The pictures are to be left out when the listing below is reproduced word for word.

PROVIDED DATA
----
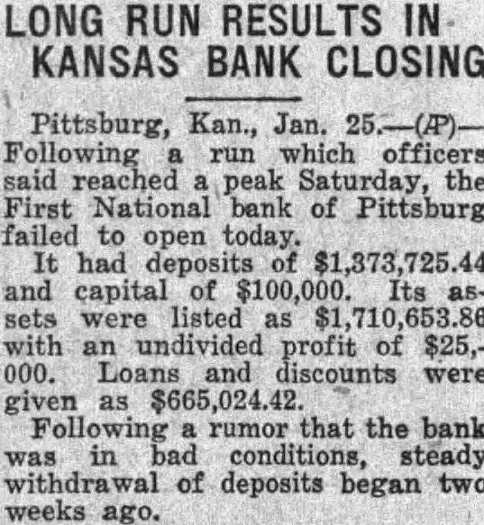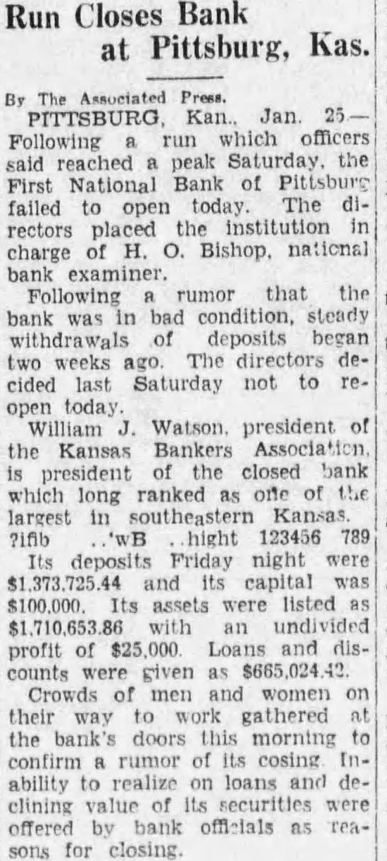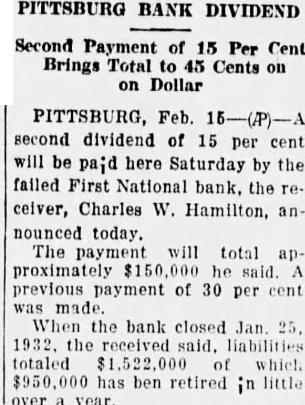 Pittsburg.-A second dividend of 15 per cent was paid here recently by the failed First National Bank, the receiver, Charles W. Hamilton, announced. The payment will total approximately $150,000. A previous pay. ment of 30 per cent was made.
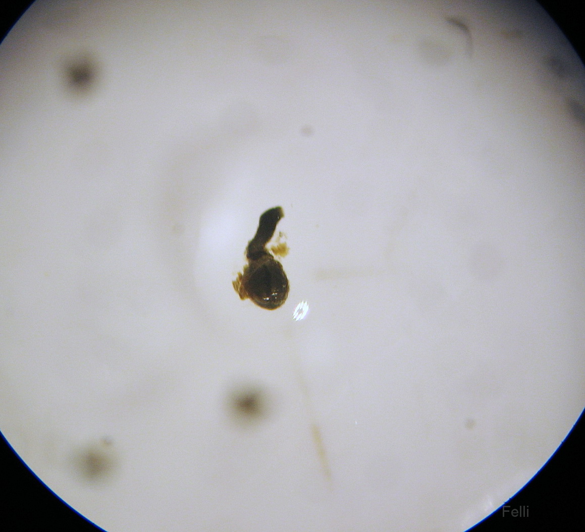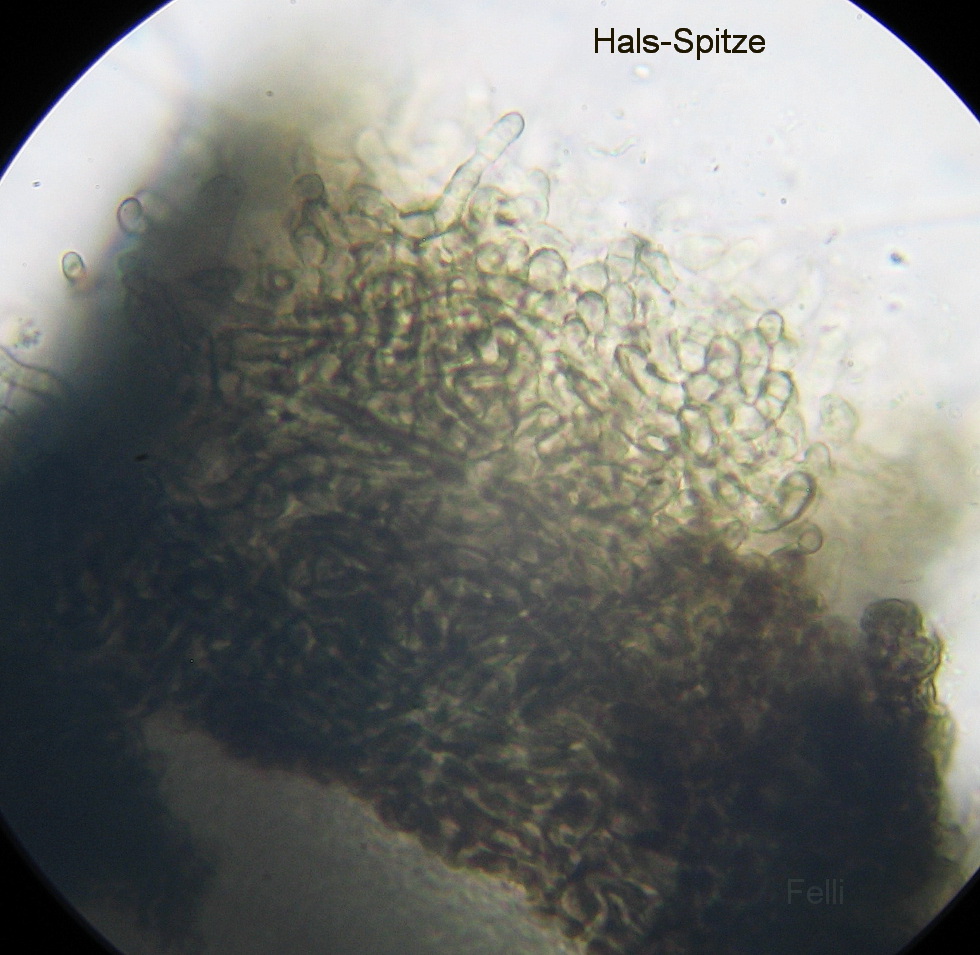 Perithecium birnenförmig mit relativ langem Hals, Halsspitze mit kleinen septierten, dunkelrandigen Haaren?
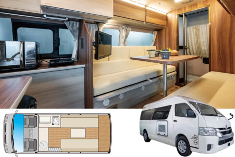 オプションのフロントシート回転機構を使うと、セカンドシートと対面ダイネットを作れる。セカンドシートはバタフライ式。スライド機構が備わり荷室を拡張できる
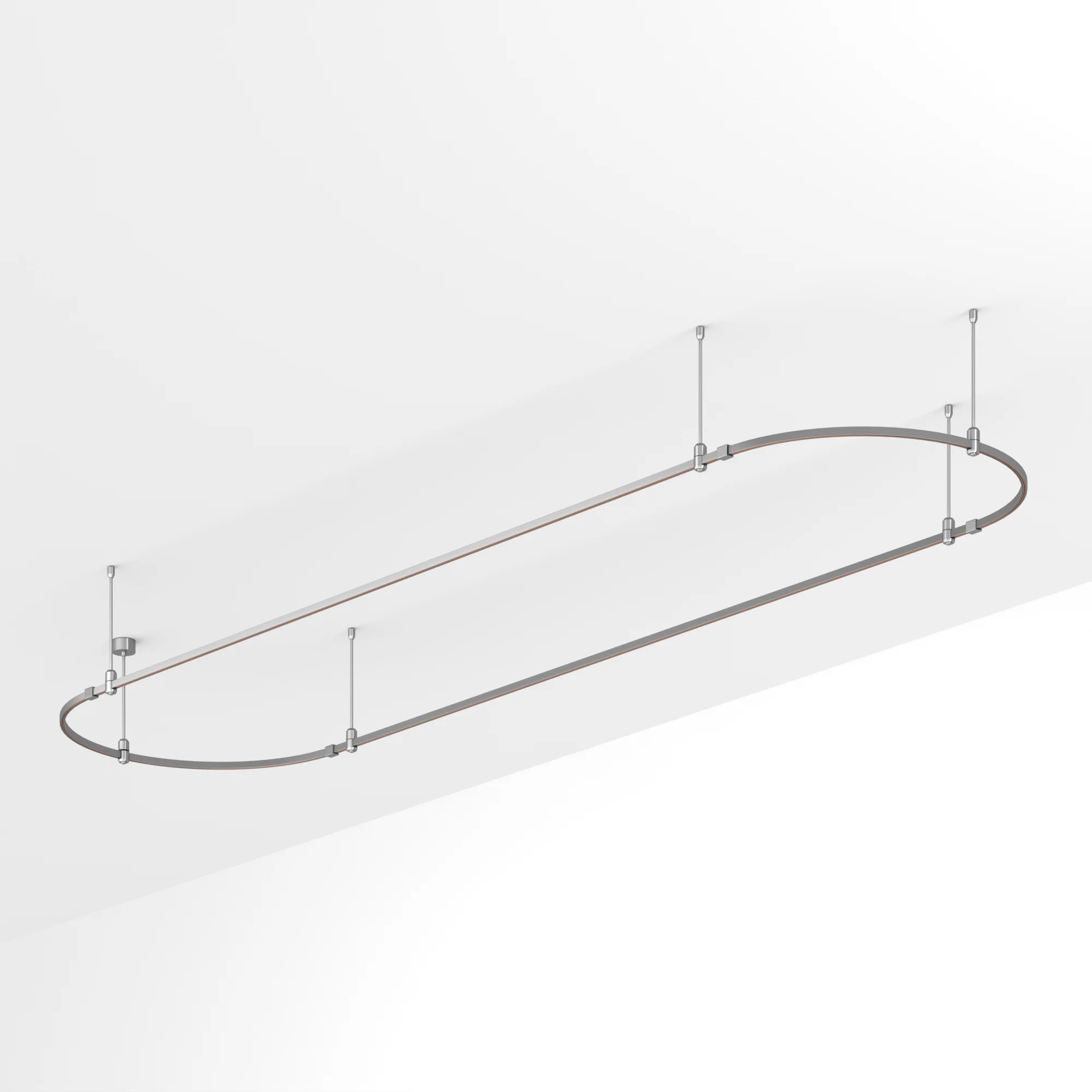 Подвесная конструкция APRIORI, форма овал. В комплекте треки с аксессуарами и жесткими подвесами длиной 200мм. DC48V. Материал алюминий, цвет титан. Размер ДxШxВ: 4000x1000x22мм. Светильники и источники питания приобретаются отдельно.
----
ANSWER SPACE
 Pittsburg.-A second dividend of 15 per cent was paid here recently by the failed First National Bank, the receiver, Charles W. Hamilton, announced. The payment will total approximately $150,000. A previous pay. ment of 30 per cent was made.
 Perithecium birnenförmig mit relativ langem Hals, Halsspitze mit kleinen septierten, dunkelrandigen Haaren?
 オプションのフロントシート回転機構を使うと、セカンドシートと対面ダイネットを作れる。セカンドシートはバタフライ式。スライド機構が備わり荷室を拡張できる
 Подвесная конструкция APRIORI, форма овал. В комплекте треки с аксессуарами и жесткими подвесами длиной 200мм. DC48V. Материал алюминий, цвет титан. Размер ДxШxВ: 4000x1000x22мм. Светильники и источники питания приобретаются отдельно.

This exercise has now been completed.